## Information given
*** Begin section ***

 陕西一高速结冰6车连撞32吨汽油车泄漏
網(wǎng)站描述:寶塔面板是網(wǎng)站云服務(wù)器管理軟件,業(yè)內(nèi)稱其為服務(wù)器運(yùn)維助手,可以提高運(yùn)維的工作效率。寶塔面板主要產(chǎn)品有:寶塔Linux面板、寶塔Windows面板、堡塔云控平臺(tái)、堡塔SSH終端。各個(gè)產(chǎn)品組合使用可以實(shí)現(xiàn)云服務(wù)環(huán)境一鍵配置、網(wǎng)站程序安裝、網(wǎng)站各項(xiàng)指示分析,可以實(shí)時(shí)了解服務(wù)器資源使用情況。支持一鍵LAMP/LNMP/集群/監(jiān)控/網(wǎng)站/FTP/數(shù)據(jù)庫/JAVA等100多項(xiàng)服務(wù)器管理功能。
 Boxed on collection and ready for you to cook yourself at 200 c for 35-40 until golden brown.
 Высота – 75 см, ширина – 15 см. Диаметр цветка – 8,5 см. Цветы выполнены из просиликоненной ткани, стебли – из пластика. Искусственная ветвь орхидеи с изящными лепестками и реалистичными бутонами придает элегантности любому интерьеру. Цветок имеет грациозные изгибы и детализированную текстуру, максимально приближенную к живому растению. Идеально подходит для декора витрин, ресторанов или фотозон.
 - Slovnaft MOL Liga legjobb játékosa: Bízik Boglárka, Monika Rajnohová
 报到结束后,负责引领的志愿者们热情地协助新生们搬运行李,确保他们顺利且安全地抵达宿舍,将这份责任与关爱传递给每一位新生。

*** End section ***
*** Begin section ***

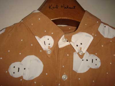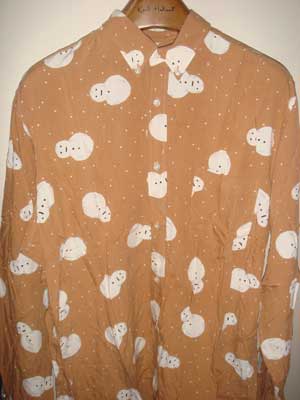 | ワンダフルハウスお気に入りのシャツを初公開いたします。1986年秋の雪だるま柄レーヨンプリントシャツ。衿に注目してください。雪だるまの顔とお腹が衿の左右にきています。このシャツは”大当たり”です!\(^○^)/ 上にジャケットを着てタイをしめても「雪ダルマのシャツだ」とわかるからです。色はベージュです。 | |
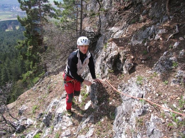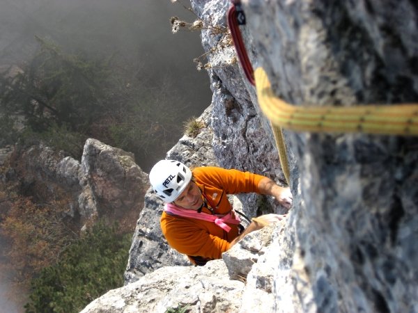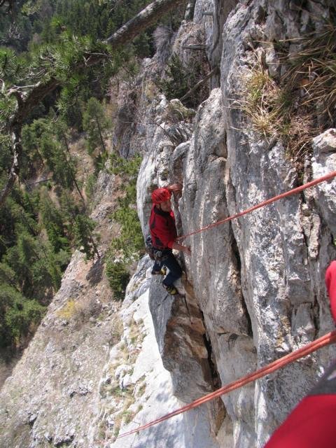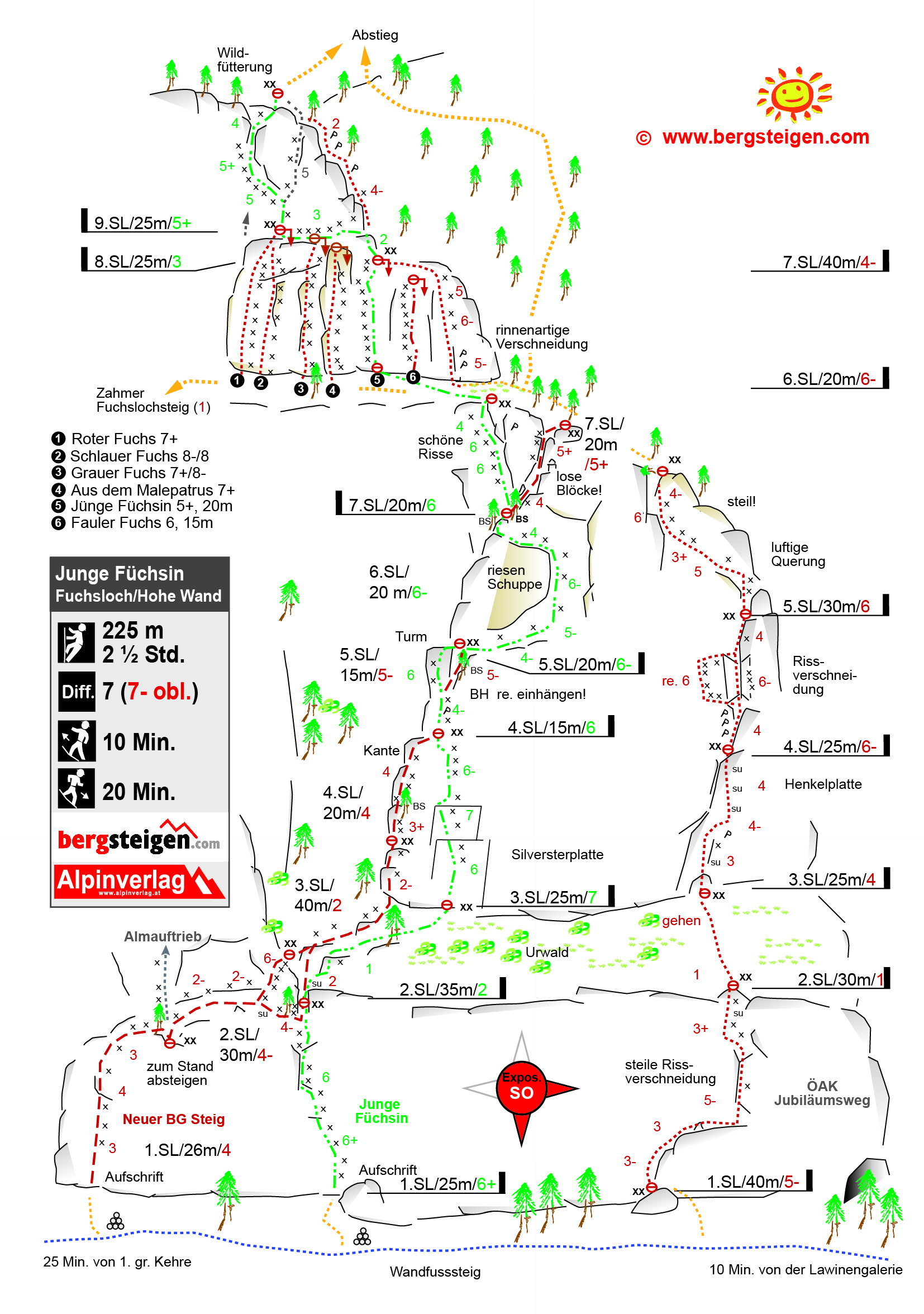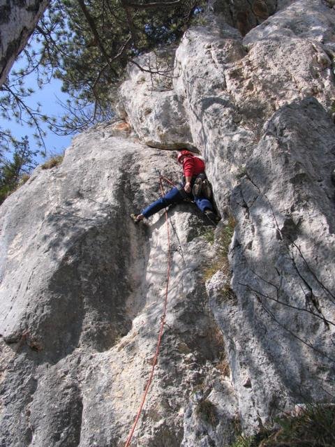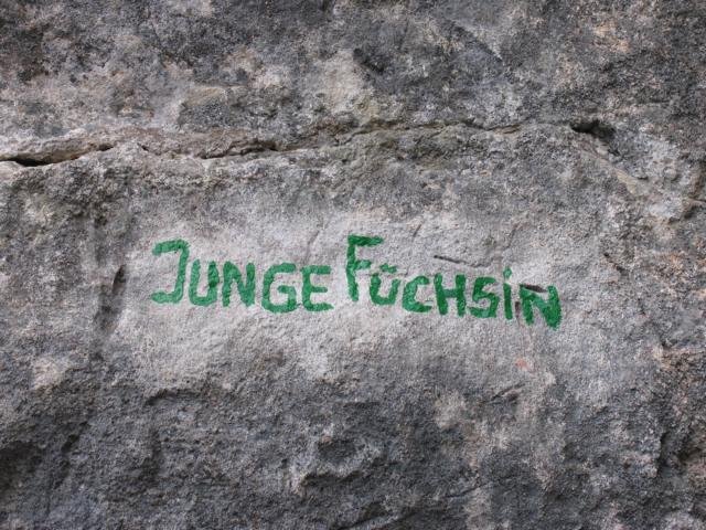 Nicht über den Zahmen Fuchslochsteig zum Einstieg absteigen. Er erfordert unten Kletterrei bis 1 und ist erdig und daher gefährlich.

*** End section ***
*** Begin section ***

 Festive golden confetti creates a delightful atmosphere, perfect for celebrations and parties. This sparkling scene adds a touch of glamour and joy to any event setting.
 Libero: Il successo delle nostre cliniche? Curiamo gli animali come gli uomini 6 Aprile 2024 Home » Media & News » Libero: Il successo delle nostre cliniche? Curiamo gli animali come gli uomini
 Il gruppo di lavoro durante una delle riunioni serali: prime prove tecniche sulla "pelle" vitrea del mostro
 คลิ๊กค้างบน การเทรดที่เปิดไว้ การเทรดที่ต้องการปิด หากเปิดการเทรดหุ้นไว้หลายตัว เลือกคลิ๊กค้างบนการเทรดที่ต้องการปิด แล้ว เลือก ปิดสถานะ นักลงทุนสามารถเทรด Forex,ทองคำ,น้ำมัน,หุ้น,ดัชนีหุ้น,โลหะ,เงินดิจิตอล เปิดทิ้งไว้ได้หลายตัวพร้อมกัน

*** End section ***

## Problem statement
Give back exactly the lines above, from the line containing "- Slovnaft MOL" through the line containing "报到结束后,负责引领的志愿者", with both end lines and nothing more.

## Result for this task
 - Slovnaft MOL Liga legjobb játékosa: Bízik Boglárka, Monika Rajnohová
 报到结束后,负责引领的志愿者们热情地协助新生们搬运行李,确保他们顺利且安全地抵达宿舍,将这份责任与关爱传递给每一位新生。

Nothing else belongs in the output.